Second Day of yom tov/eighth day of Passover: My friend Tevi Troy points out that we live in an age of atomic clocks. So why live with the fiction that we don’t know exactly when Jewish holidays begin and end? Given the scientific precision brought to all matters of halachic observance — shatnez, kashrut and rabbinic permission for embryonic stem cell research, surrogacy and other biomedical advances — maybe we should also wipe away an onerous and unnecessary weight on Diaspora Jewry.
Shiny satin kippot: Honestly, I would rather wear the flimsy, black, “who wore this last?” giveaway than a preposterously bright and poor-fitting monochrome satin kippah. Most men look ridiculous in them, and toss them after one wearing. If our community agreed to simple black or white cotton kippot — or any variety of suede, velvet or knit — for at least a few years, no one would complain.
New Haggadot: My friend Saul Kelner questions why publishers are always rolling out new versions of the Passover Haggadah. Fair point. Compared with the giveaway versions from Maxwell House, most of the new ones are over-illustrated and over-written. New Haggadot are the equivalent of celebrity-sung Christmas song collections — do we really need yet another version of a classic?
Fundraising dinners/testimonials: If the Bernie Madoff scandal teaches us anything, it is the danger of macher envy — wanting to be toasted as a “leader” in some fundraising dinner often leads to unspeakable acts of stupidity and vanity. Please, spare me — and spare the lives of hundreds of thousands of chickens who give their lives every year to be picked at by bored dinner guests as others give windbag speeches. Jewish philanthropies are now in crisis mode. Cancel the galas, and start raising money by impressing people, not by feeding them dinner.
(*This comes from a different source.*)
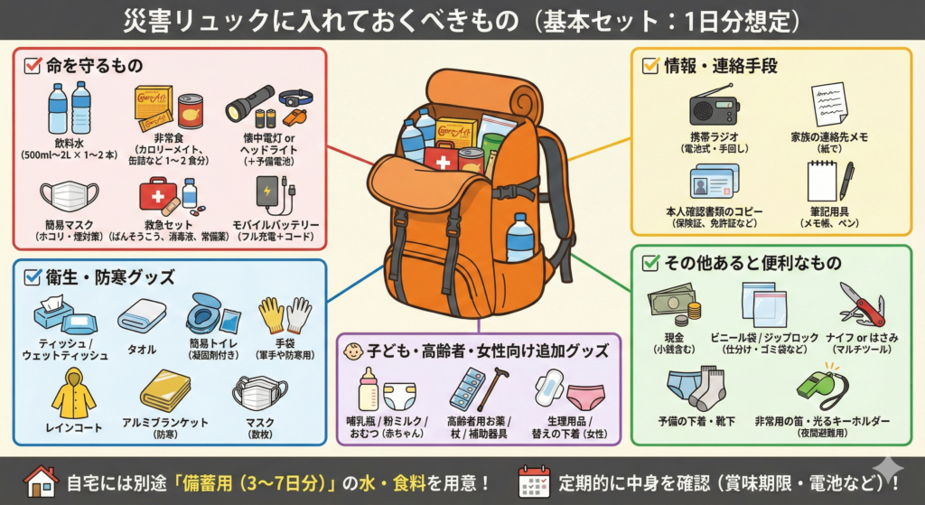 • このリュックは「発災直後〜避難所に着くまで」の1日分想定

Publicly uttered prayer for the sick/prayer for the USA/prayer for Israel: This is the section of the Shabbat morning service when everything comes to a grinding halt. At some synagogues, the names of the ill are uttered aloud, as if God must be reminded of those who are sick. (“Oh yeah, I forgot about Bessie’s gallstones.”) The prayers for the United States and Israel are no less tiresome, accompanied often by op-ed commentaries or news summaries by the rabbi. If American Judaism wants a two-hour Shabbat morning service (and judging by sparse attendance when services actually begin, I’m betting it does), here’s the first thing that can get boiled down.
Nine nominations for temporary retirement. I probably could go on longer, but I don’t want to face the same fate.
Noam Neusner served as President Bush’s principal economic and domestic policy speechwriter from 2002 to 2004.